### Your task
What is needed here is an exact repetition of the records below, beginning at the line that has "Jetzt ist es" and stopping after the line that has "Elezioni o Faky".

### Material provided
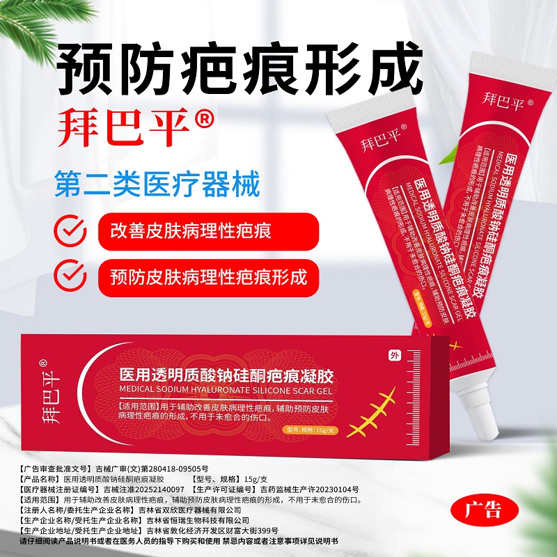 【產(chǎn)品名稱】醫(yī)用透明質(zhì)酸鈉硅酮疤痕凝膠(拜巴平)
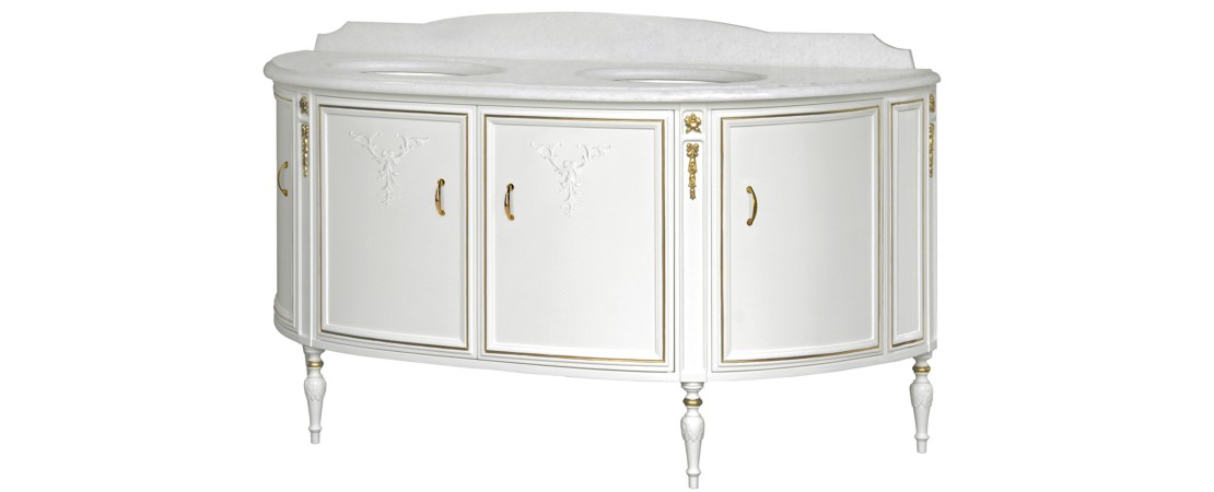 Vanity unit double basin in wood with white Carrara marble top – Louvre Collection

---

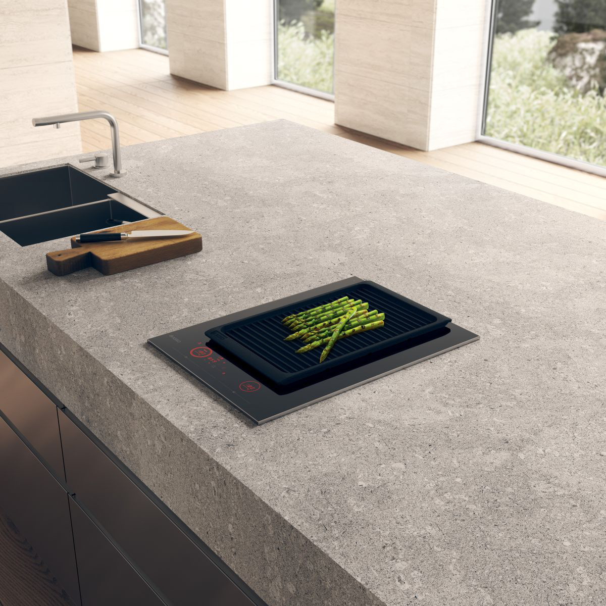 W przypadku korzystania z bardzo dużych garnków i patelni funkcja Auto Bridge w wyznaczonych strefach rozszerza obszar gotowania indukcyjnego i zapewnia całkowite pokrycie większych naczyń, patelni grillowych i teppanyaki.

==

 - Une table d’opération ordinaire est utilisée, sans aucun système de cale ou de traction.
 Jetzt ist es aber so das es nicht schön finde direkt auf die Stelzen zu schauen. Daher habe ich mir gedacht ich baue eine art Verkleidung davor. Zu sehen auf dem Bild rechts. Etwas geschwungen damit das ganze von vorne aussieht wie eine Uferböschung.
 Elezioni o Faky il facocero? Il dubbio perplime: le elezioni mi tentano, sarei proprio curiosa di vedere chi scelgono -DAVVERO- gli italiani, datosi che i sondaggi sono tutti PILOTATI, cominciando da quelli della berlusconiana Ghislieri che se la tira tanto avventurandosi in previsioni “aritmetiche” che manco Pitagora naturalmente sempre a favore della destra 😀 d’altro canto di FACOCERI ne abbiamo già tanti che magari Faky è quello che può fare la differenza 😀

### Written answer
 Jetzt ist es aber so das es nicht schön finde direkt auf die Stelzen zu schauen. Daher habe ich mir gedacht ich baue eine art Verkleidung davor. Zu sehen auf dem Bild rechts. Etwas geschwungen damit das ganze von vorne aussieht wie eine Uferböschung.
 Elezioni o Faky il facocero? Il dubbio perplime: le elezioni mi tentano, sarei proprio curiosa di vedere chi scelgono -DAVVERO- gli italiani, datosi che i sondaggi sono tutti PILOTATI, cominciando da quelli della berlusconiana Ghislieri che se la tira tanto avventurandosi in previsioni “aritmetiche” che manco Pitagora naturalmente sempre a favore della destra 😀 d’altro canto di FACOCERI ne abbiamo già tanti che magari Faky è quello che può fare la differenza 😀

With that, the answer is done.